O revolucionário argentino pode ser considerado um herdeiro político e intelectual tanto de Marx, Engels e Lênin, como de Simón Bolívar, José Martí, Julio Antonio Mella e José Carlos Mariátegui. Em outras palavras, unia o marxismo clássico ao integracionismo latino-americano, ao nacionalismo cubano, ao internacionalismo, ao anti-imperialismo e ao “humanismo proletário”. Nesse sentido, a articulação de conceitos como “partido”, “planificação”, “vanguarda” e “ética” são imprescindíveis para se compreender o projeto econômico propugnado pelo Che. Além dos elementos mais explícitos do debate de então, como a lei do valor, a persistência das relações de mercado e o gerenciamento das fábricas.

Guevara estava ciente dos diferentes modelos implementados no mundo socialista: das experiências de autogestão na Iugoslávia titoísta às reformas libermanistas em andamento na União Soviética. Estimulado pelo clima efervescente da luta revolucionária no Terceiro Mundo e das polêmicas em torno dos caminhos para a construção do socialismo, o autor de Guerra de guerrilhas estudaria detalhadamente a experiência da revolução de Outubro, os desdobramentos da NEP (Novaya Ekonomicheskaya Politika) e a economia dos países do bloco soviético, além de ler obras de Marx, Engels, Lenin, Baran, Pushkov, Rosental, Straks, Djilas e tantos outros. Iria se corresponder com personalidades como Antonio Venturelli, Leo Huberman e Paul Sweezy; dialogaria com economistas da CEPAL e do bloco soviético; e teria aulas com professores renomados, como Salvador Vilaseca e Anastasio Mansilla. Por isso, não é de se estranhar que no famoso “debate econômico” de 1963-1964, fossem discutidos, de maneira sofisticada, assuntos candentes e específicos como custos de produção, preços e manejo das empresas estatais.

O Che tinha várias prioridades em relação às questões supracitadas. Para ele, seria fundamental lidar com o desemprego, diversificar a produção, garantir a qualificação técnica dos trabalhadores e fechar acordos comerciais com diversos governos estrangeiros para ampliar o crédito, desenvolver tecnologia e implantar indústrias na ilha.

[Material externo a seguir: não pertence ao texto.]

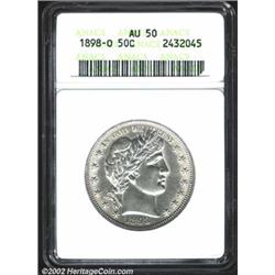1898-O 50C AU50 ANACS. The bases of the 89 in the date are lightly repunched west. This interesting variety is unlisted in Breen, Lawrence, or Fivaz-Stanton. Presumably, evidence of the repunched date is only visible on high grade specimens from an early state of this obverse die. A brilliant and briefly circulated example with a good strike and problem-free surfaces. An elusive better date. Important notice: We expect to be auctioning lots at the rate of 200-250 per hour. Sometimes eBay Premier live bid software cannot keep up with that pace, so we strongly recommend that you place a realistic proxy bid now as insurance to avoid disappointment. Also please note that all Heritage/CAA lots purchased through eBay Premier carry a 20% Buyer's Premium. Please make sure you read the Terms and Conditions.

Também defenderia o “sistema orçamentário de financiamento” (em contraposição ao “cálculo econômico”, que via os empreendimentos como entidades com personalidade jurídica própria), modalidade dinamizada por um fundo bancário centralizado que deveria ser alocado para suprir as necessidades das fábricas como conjunto, as chamadas “empresas consolidadas” (unidades complementares que funcionavam como parte de um grande conglomerado, com base tecnológica similar, destino comum para sua produção ou localização geográfica limitada), controlado pelo Estado. Ou seja, se aproveitaria a experiência e a estrutura dos antigos monopólios privados (principalmente norte-americanos) na ilha, substituindo-os pelo monopólio estatal, com o planejamento e direção administrativa concentrados, além de provimento de capitais unificado. Esse sistema garantiria, segundo o Che, maior eficiência global.

A intenção inicial era realizar um esforço para lograr a substituição de importações, garantir o pleno emprego, aumentar a poupança e as reservas nos cofres públicos, melhorar a qualidade dos produtos locais, superar o atraso tecnológico em diversas áreas, acelerar a conversão dos equipamentos para a maquinaria soviética, resolver problemas relacionados à falta de peças de reposição e utilizar a capacidade ociosa das fábricas, assim como a aumentar a formação e capacitação de técnicos cubanos.

Mas a transição ao socialismo teria suas especificidades. Segundo o Che, os sindicatos representariam um “anacronismo sem sentido” em uma sociedade onde o proletariado tivesse tomado o poder. Seriam “órgãos da luta de classes” que deveriam, em algum momento, desaparecer ou se transformar. Já os impostos (assim como o seguro), em teoria, poderiam deixar de ser cobrados “a qualquer momento”, sendo caracterizados somente como uma medida “técnica”.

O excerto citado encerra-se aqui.